June 8, 2017 at 1:57 pm
User B starts the update immediately, but will probably be blocked until User A's session releases locks, which will be when the transaction commits.
Gail Shaw
Microsoft Certified Master: SQL Server, MVP, M.Sc (Comp Sci)
SQL In The Wild: Discussions on DB performance with occasional diversions into recoverability
June 14, 2017 at 11:37 am
GilaMonster - Thursday, June 8, 2017 1:57 PMUser B starts the update immediately, but will probably be blocked until User A's session releases locks, which will be when the transaction commits.
On a related question ... occasionally when a simple SQL is applied with a begin and a commit ... and the Query Messages results window shows the results as having been committed,
then the user closes the query or ends the SQL server session and the message is saying to the effect of " you have uncommitted transactions, commit these before you exit SQL server ?" why in general would these show as being committed in the results but not actually committed until the exit ? This seems to happen most often on a delete of data when the application has the same data displayed in a window....
June 14, 2017 at 12:03 pm
That's not a deadlock at all. That's an uncommitted transaction and SSMS warning you that you should have committed the transaction before closing the window.
To get that, the COMMIT TRANSACTION wasn't run for some reason
Gail Shaw
Microsoft Certified Master: SQL Server, MVP, M.Sc (Comp Sci)
SQL In The Wild: Discussions on DB performance with occasional diversions into recoverability
June 14, 2017 at 1:31 pm
GilaMonster - Thursday, June 8, 2017 1:57 PMUser B starts the update immediately, but will probably be blocked until User A's session releases locks, which will be when the transaction commits.
O Thanks Gail !
We use a
BEGIN TRANSACTION
delete something
IF @@ERROR <> 0
BEGIN
ROLLBACK
PRINT 'ERROR OCCURED - ROLLBACK'
END
ELSE
BEGIN
COMMIT
PRINT 'SQL SUCCESSFUL'
END I'll try using the DBCC Opentran after the SQL prints the 'SQL SUCCESSFUL' and see if it has any trans open ...

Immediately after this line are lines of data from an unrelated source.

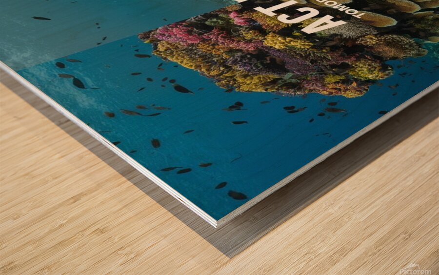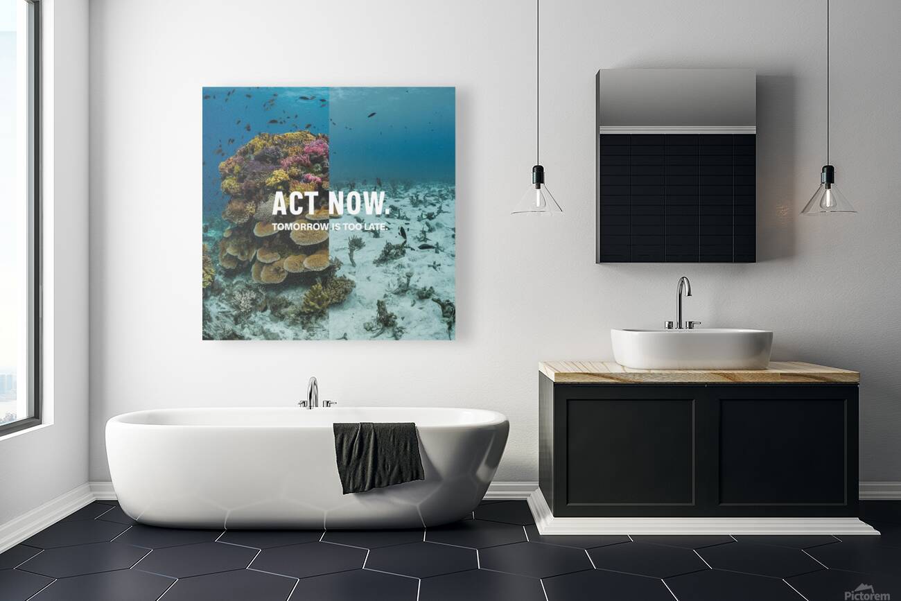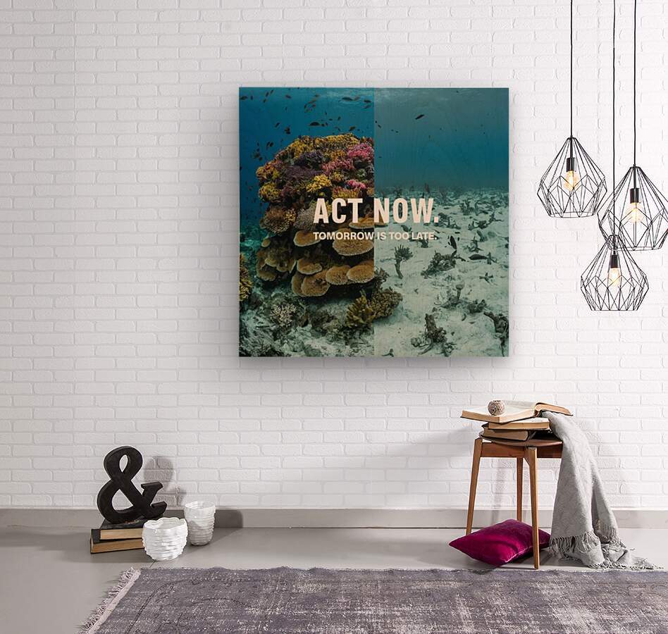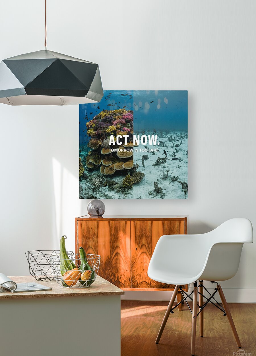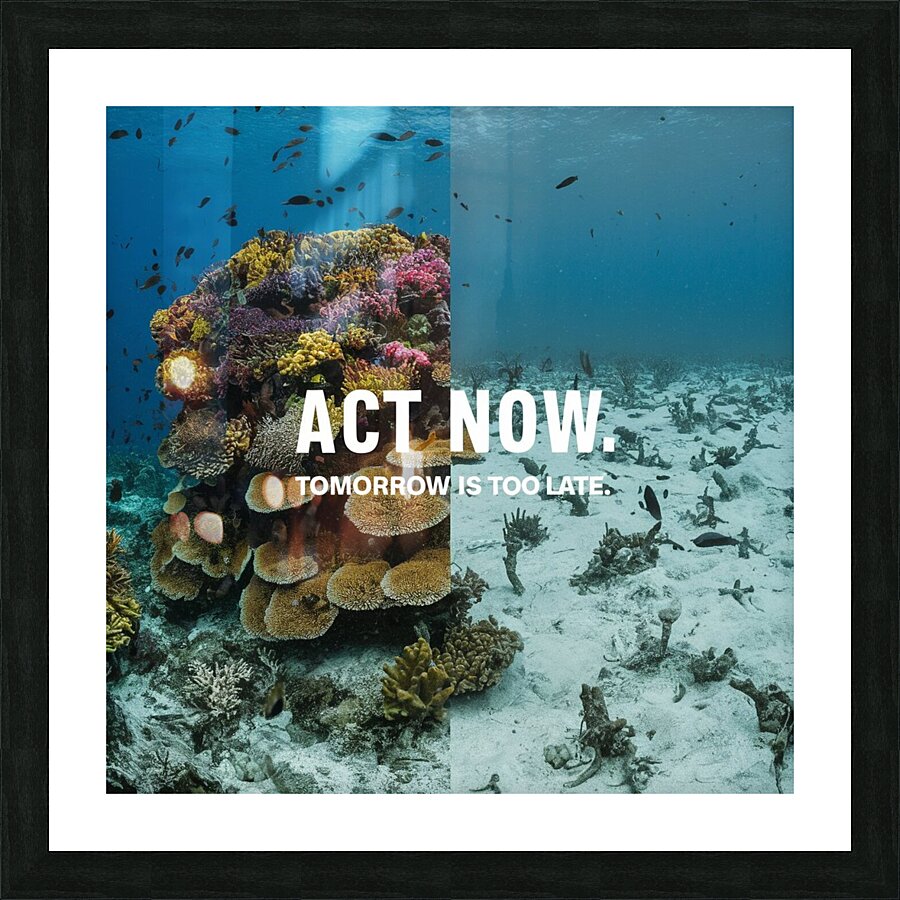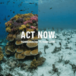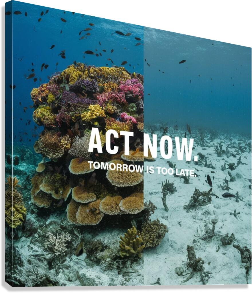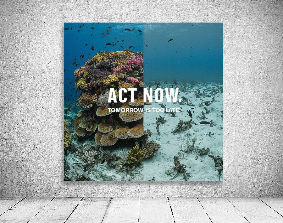 A split image showing a vibrant coral reef on one side and a bleached, dead reef on the other. The tagline reads: "Act Now. Tomorrow is Too Late.
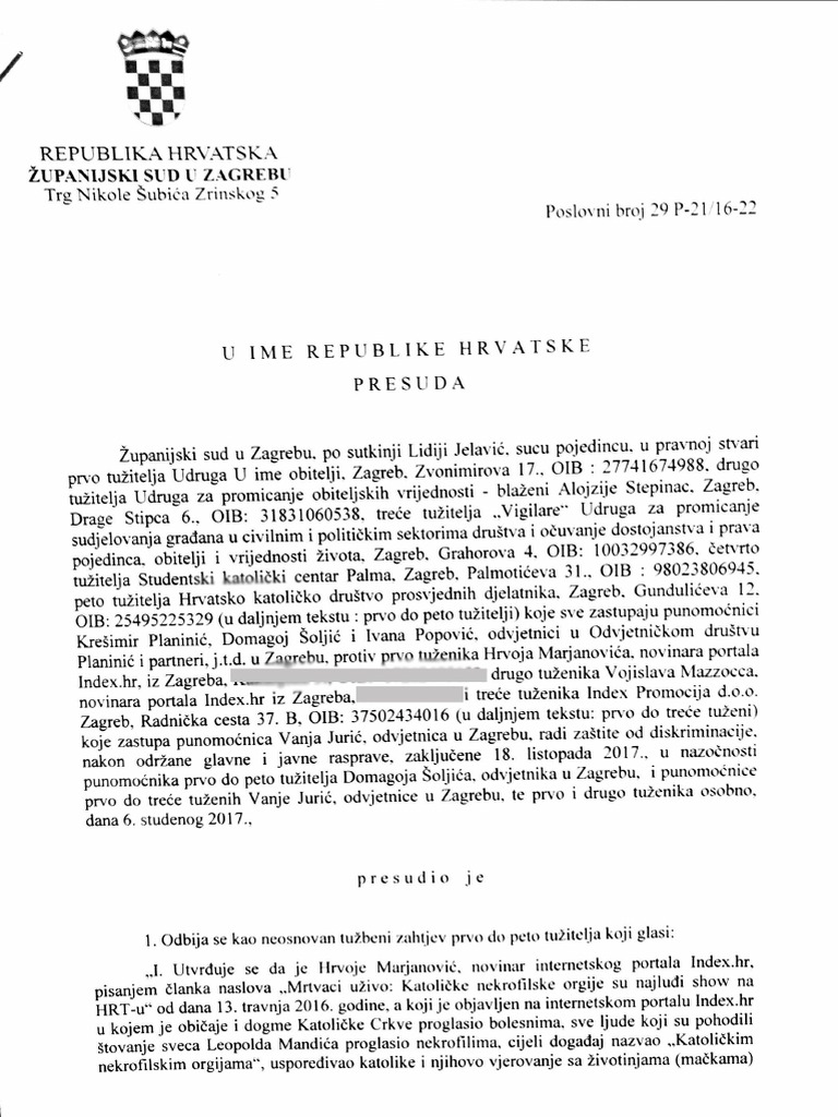 Županijski sud u Zagrebu donio je presudu kojom je spriječen pokušaj fundamentalista da na mala vrata uvedu kažnjavanje bogohuljenja
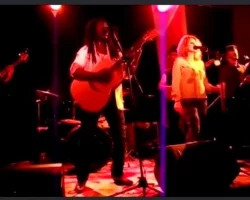 Après une scène endiablée comme d'habe, ma "Petite soeur" se jete sur moi au pied du podium...(On ne s'était pas revu depuis 2021 à cause du "Co-Cod") ! Mdr ! L'instant d'après, c'est son puissant Synthé/Organiste, mon très brave "petit frère" Elvis Megne (meilleur clavier du coin) qui lui emboîte le...'plongeon". BRAVO MES 2 VAILLANTS PETITS ! C’ÉTAIT UN RÉGAL COMME TJRS ! Notre frère commun, le très célèbre Bertrand Gattegno (Meilleur Camera de toute l'Occitanie...paix à son humble âme depuis Juin 2024), était aussi l'heureux bénéficiaire de tous ces illustres câlins !

We are thinking we should change the default on the blocked process threshold to allow blocked process reports to be produced...
Do you think changing this default would produce any use full info? Thanks John
June 14, 2017 at 1:42 pm
Use TRY ... CATCH blocks, not the old SQL 2000-style error handling.
If that's the only code that you have and you only ever run it once, there will not be an open transaction after the PRINT 'SQL SUCCESSFUL'. There cannot be, it was started, it was committed.
Now, if someone stops the query while it's deleting, you'll have a transaction left open as neither the commit nor the rollback were reached
Gail Shaw
Microsoft Certified Master: SQL Server, MVP, M.Sc (Comp Sci)
SQL In The Wild: Discussions on DB performance with occasional diversions into recoverability
June 15, 2017 at 6:37 am
GilaMonster - Wednesday, June 14, 2017 1:42 PMUse TRY ... CATCH blocks, not the old SQL 2000-style error handling.If that's the only code that you have and you only ever run it once, there will not be an open transaction after the PRINT 'SQL SUCCESSFUL'. There cannot be, it was started, it was committed.
Now, if someone stops the query while it's deleting, you'll have a transaction left open as neither the commit nor the rollback were reached
Would SET XACT_ABORT ON help with dangling commits?
From what I've read that seems to be the purpose, to roll back when an error occurs and kills the SP. Does stopping the SP prematurely count as an error for XACT_ABORT?